Exercise data:
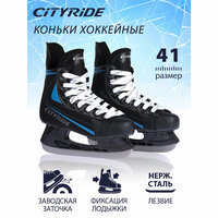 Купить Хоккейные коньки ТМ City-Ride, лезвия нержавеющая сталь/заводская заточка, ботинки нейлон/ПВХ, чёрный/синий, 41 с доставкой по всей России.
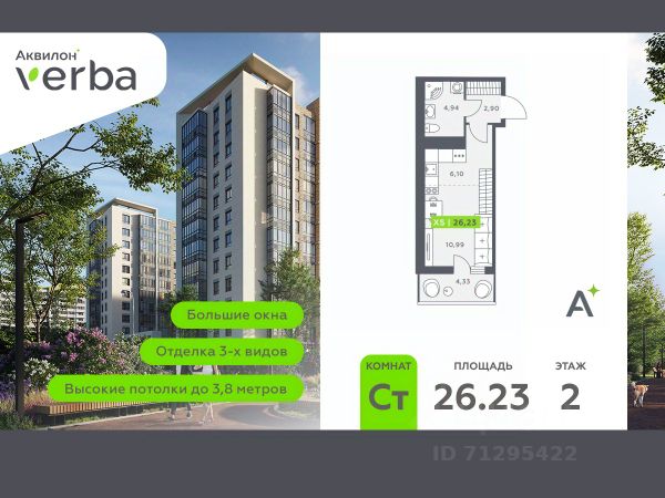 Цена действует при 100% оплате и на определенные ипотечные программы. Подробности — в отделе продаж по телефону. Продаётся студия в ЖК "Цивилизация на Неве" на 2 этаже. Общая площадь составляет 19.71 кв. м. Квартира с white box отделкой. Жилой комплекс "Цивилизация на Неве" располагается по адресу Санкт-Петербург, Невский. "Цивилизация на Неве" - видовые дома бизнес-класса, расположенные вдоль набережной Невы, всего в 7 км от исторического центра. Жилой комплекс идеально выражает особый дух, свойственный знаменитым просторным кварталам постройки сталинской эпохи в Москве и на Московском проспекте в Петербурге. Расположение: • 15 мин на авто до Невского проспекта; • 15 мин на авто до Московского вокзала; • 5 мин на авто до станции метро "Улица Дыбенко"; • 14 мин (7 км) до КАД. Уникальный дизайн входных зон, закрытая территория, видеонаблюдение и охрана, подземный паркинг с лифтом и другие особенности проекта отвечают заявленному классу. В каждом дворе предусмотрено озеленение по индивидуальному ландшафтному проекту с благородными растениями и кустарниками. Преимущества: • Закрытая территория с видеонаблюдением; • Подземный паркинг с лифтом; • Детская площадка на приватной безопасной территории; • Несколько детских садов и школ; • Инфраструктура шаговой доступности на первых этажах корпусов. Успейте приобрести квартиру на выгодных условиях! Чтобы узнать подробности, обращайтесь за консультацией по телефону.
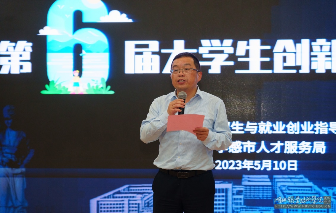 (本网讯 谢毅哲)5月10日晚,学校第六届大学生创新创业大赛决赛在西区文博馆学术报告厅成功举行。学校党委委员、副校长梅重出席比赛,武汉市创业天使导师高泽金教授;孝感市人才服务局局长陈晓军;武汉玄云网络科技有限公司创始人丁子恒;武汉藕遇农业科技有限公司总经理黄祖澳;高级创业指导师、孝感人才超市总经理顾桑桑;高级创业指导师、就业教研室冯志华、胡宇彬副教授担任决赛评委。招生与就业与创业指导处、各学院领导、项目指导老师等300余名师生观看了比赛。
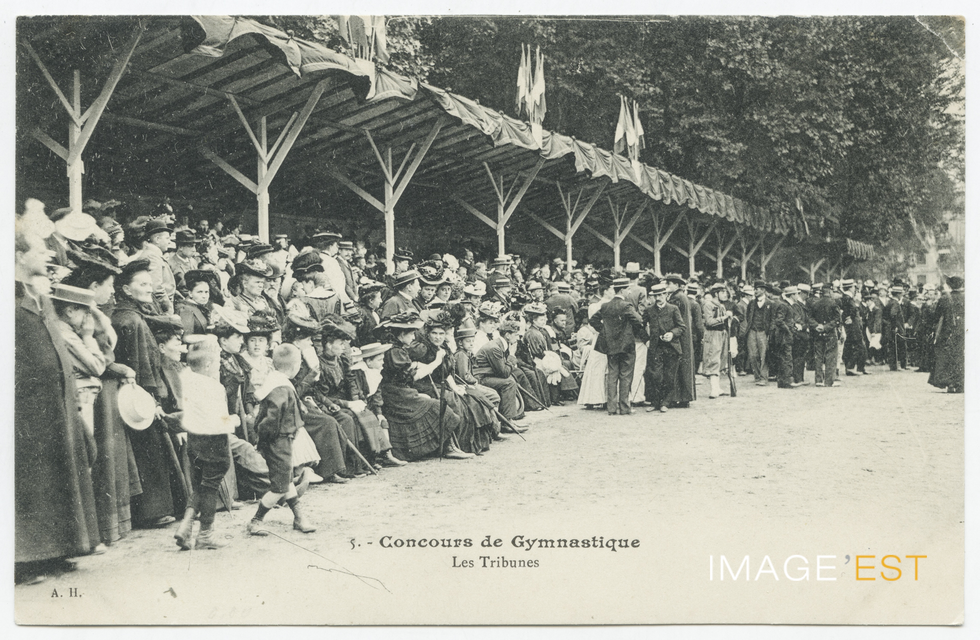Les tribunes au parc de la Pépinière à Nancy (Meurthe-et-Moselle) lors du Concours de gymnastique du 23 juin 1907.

Action item: Reproduce the whole listing above word for word, dropping each image.

Final answer:
 Купить Хоккейные коньки ТМ City-Ride, лезвия нержавеющая сталь/заводская заточка, ботинки нейлон/ПВХ, чёрный/синий, 41 с доставкой по всей России.
 Цена действует при 100% оплате и на определенные ипотечные программы. Подробности — в отделе продаж по телефону. Продаётся студия в ЖК "Цивилизация на Неве" на 2 этаже. Общая площадь составляет 19.71 кв. м. Квартира с white box отделкой. Жилой комплекс "Цивилизация на Неве" располагается по адресу Санкт-Петербург, Невский. "Цивилизация на Неве" - видовые дома бизнес-класса, расположенные вдоль набережной Невы, всего в 7 км от исторического центра. Жилой комплекс идеально выражает особый дух, свойственный знаменитым просторным кварталам постройки сталинской эпохи в Москве и на Московском проспекте в Петербурге. Расположение: • 15 мин на авто до Невского проспекта; • 15 мин на авто до Московского вокзала; • 5 мин на авто до станции метро "Улица Дыбенко"; • 14 мин (7 км) до КАД. Уникальный дизайн входных зон, закрытая территория, видеонаблюдение и охрана, подземный паркинг с лифтом и другие особенности проекта отвечают заявленному классу. В каждом дворе предусмотрено озеленение по индивидуальному ландшафтному проекту с благородными растениями и кустарниками. Преимущества: • Закрытая территория с видеонаблюдением; • Подземный паркинг с лифтом; • Детская площадка на приватной безопасной территории; • Несколько детских садов и школ; • Инфраструктура шаговой доступности на первых этажах корпусов. Успейте приобрести квартиру на выгодных условиях! Чтобы узнать подробности, обращайтесь за консультацией по телефону.
 (本网讯 谢毅哲)5月10日晚,学校第六届大学生创新创业大赛决赛在西区文博馆学术报告厅成功举行。学校党委委员、副校长梅重出席比赛,武汉市创业天使导师高泽金教授;孝感市人才服务局局长陈晓军;武汉玄云网络科技有限公司创始人丁子恒;武汉藕遇农业科技有限公司总经理黄祖澳;高级创业指导师、孝感人才超市总经理顾桑桑;高级创业指导师、就业教研室冯志华、胡宇彬副教授担任决赛评委。招生与就业与创业指导处、各学院领导、项目指导老师等300余名师生观看了比赛。
Les tribunes au parc de la Pépinière à Nancy (Meurthe-et-Moselle) lors du Concours de gymnastique du 23 juin 1907.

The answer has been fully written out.